Federal Reserve Release, Press Release; image with eagle logo links to home page
Release Date: December 14, 1998


For immediate release

The Federal Reserve Board today announced its approval of the proposal of Cooper Life Sciences and Greater American Financial Group to become bank holding companies by acquiring up to 100 percent of The Berkshire Bank, all of New York, New York.

Attached is the Board's Order relating to this action.


Cooper Life Sciences
New York, New York

Greater American Financial Group
New York, New York

Order Approving the Formation of Bank Holding Companies and Acquisition of a Bank

Cooper Life Sciences ("CLS") and its wholly owned subsidiary, Greater American Financial Group ("GAFG") (collectively, "Applicants"), have requested the Board's approval under section (3)(a)(1) of the Bank Holding Company Act ("BHC Act") (12 U.S.C. § 1842(a)(1)) to become bank holding companies by acquiring control of up to 100 percent of the voting shares of The Berkshire Bank, New York, New York ("Berkshire").

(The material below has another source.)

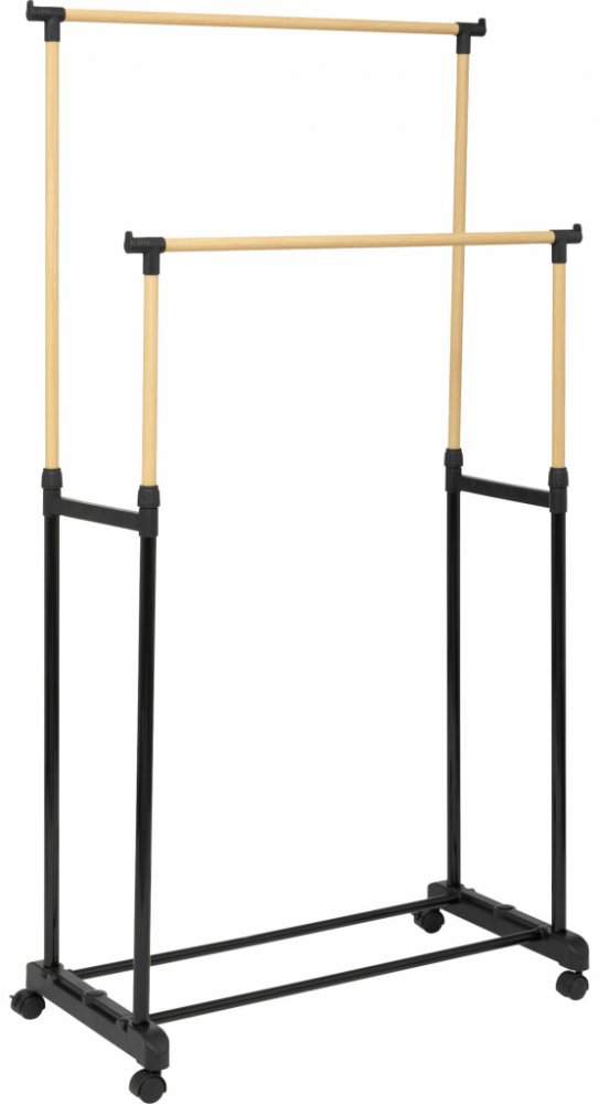 Stojan na oblečení s kolečky a dvojitými tyčemi na úložení - praktické řešení pro organizaci oděvů ve vašem doměPraktické řešení pro uložení: Stojan na oblečení WOODY o rozměrech 86 x 42 x 165 cm je ideálním řešením pro osoby hledající dodatečný prostor pro uložení oděvů. Díky dvojitým tyčím můžete snadno uspořádat své oblečení, což usnadňuje každodenní výběr stylizace.Pevná konstrukce: Vyroben z ...

Notice of the proposal, affording interested persons an opportunity to submit comments, has been published (63 Federal Register 43,950 (1998)). The time for filing comments has expired, and the Board has considered the proposal and all comments received in light of the factors set forth in section 3 of the BHC Act.

Applicants, although previously engaged directly and indirectly in various activities, have no current business operations. CLS has an investment, however, that does not conform to the requirements of section 4 of the BHC Act (12 U.S.C. § 1843), which sets forth the investments and activities that are permissible for bank holding companies. Applicants have committed to conform their current investments to the requirements of the BHC Act within two years of the date of consummation of the proposal, including by divestiture if necessary, in accordance with section 4(a)(2) of the BHC Act (12 U.S.C. § 1843(a)(2)).

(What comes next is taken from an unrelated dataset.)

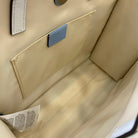 CHILDREN'S PUPPY PRINT TOTE BAG 28 IN BEIGE CANVAS AND WHITE CALFSKIN TRIM

In reviewing the proposal under the BHC Act, the Board has considered the financial and managerial resources and future prospects of the companies and bank involved, the convenience and needs of the communities to be served, and certain supervisory factors. The Board has reviewed these factors in light of the facts of record, including supervisory reports of examination assessing the financial and managerial resources of Berkshire, discussions with appropriate federal and state banking supervisors and other appropriate federal agencies, and information provided by Applicants. The Board notes that Applicants would not incur or assume any debt in connection with the proposal, and that Berkshire would remain well capitalized after consummation of the proposal. Based on all the facts of record in this case, the Board concludes that the financial and managerial resources and future prospects of Applicants and Berkshire and other supervisory factors are consistent with approval of the proposal.

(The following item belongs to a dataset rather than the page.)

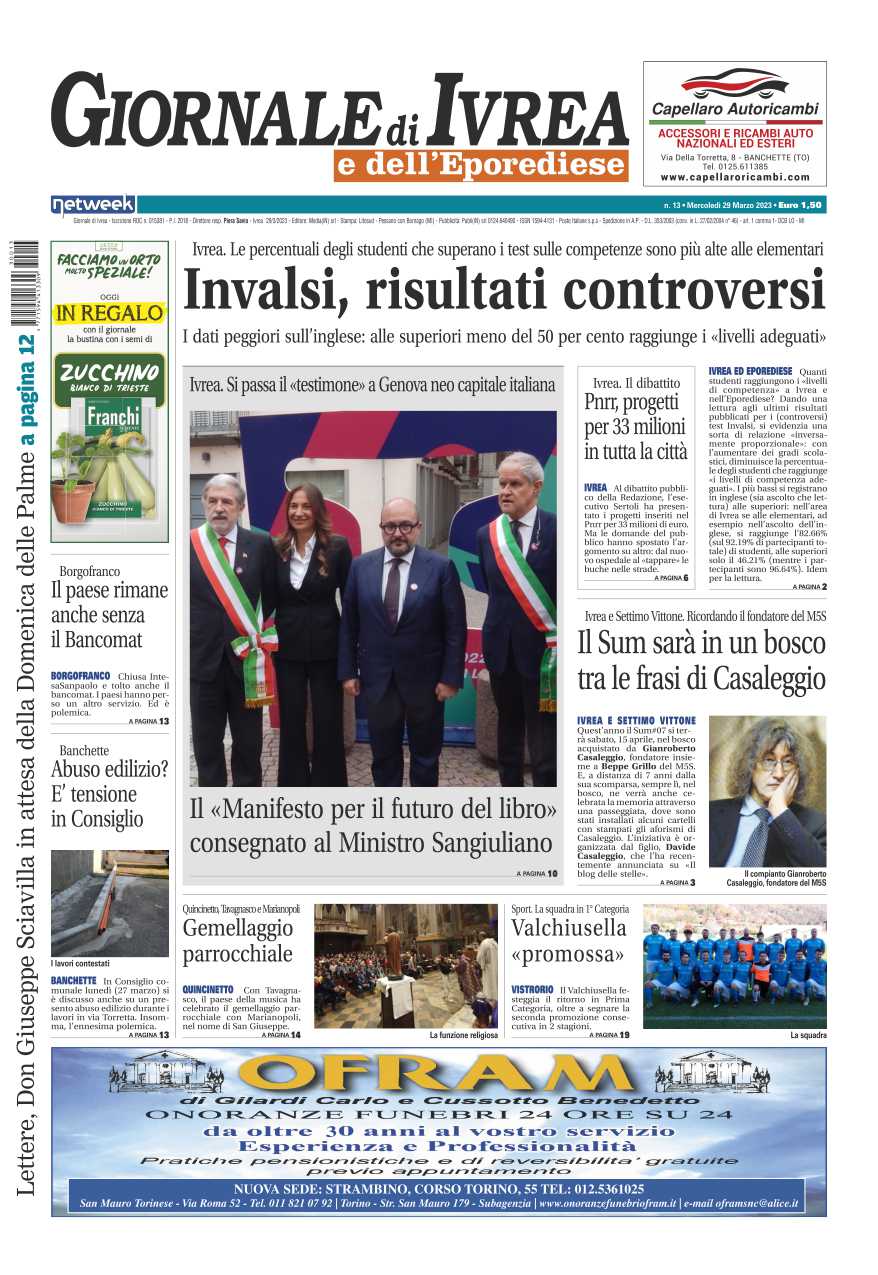 In evidenza l’analisi dei risultati dei test invalsi: le percentuali degli studenti che superano i test sulle competenze sono più alte alle elementari, alle superiori caduta sull’inglese: meno del 50% degli studenti raggiunge livelli adeguati. Ivrea Capitale italiana del libro passa il testimone a Genova: il Manifesto per il futuro del libro consegnato al Ministro Sangiuliano. Pnrr, progetti per 33 milioni in tutta la città.

In considering the convenience and needs factor, the Board has reviewed the record of Berkshire under the Community Reinvestment Act ("CRA").1 The Board notes that Applicants intend to continue the CRA program of Berkshire and do not intend to make any material changes in the products and services provided by Berkshire. The Board has evaluated the convenience and needs factor in light of examinations of the CRA performance record of Berkshire by the Federal Deposit Insurance Corporation ("FDIC"), the institution's appropriate federal banking supervisor, and the New York State Banking Department ("NYSBD"). Berkshire received "satisfactory" ratings from the FDIC and the NYSBD at the most recent examinations of its performance under the CRA. Based on all the facts of record, the Board concludes that convenience and needs considerations, including the CRA performance record of the relevant institution, are consistent with approval of the proposal.

As required under the BHC Act, the Board also considered the competitive effects of the proposal. The proposed transaction is a formation of bank holding companies that will control only one bank and, therefore, does not involve competing banking institutions. Accordingly, the Board concludes that the proposal would not have a significantly adverse effect on competition or on the concentration of banking resources in any relevant banking market. Based on all the facts of record, the Board concludes that competitive considerations are consistent with approval.

Based on all the facts of record, the Board has determined that this application should be, and hereby is, approved. The Board's approval is specifically conditioned on compliance by Applicants with all the commitments made in connection with this proposal. The commitments and conditions relied on by the Board in reaching its decision are deemed to be conditions imposed in writing by the Board in connection with its findings and decisions and, as such, may be enforced in proceedings under applicable law.

The proposed acquisition shall not be consummated before the fifteenth calendar day after the effective date of this order, or later than three. months after the effective date of this order, unless such period is extended by the Board or by the Federal Bank of New York, acting pursuant to delegated authority.

By order of the Board of Governors,2 effective December 7, 1998.

(signed) Robert deV. Frierson

Robert deV. Frierson

Associate Secretary of the Board


Footnotes

1 12 U.S.C. § 2901 et seq.

2 Voting for this action: Chairman Greenspan, Vice Chair Rivlin, and Governors Meyer, Ferguson, and Gramlich. Absent and not voting: Governor Kelley.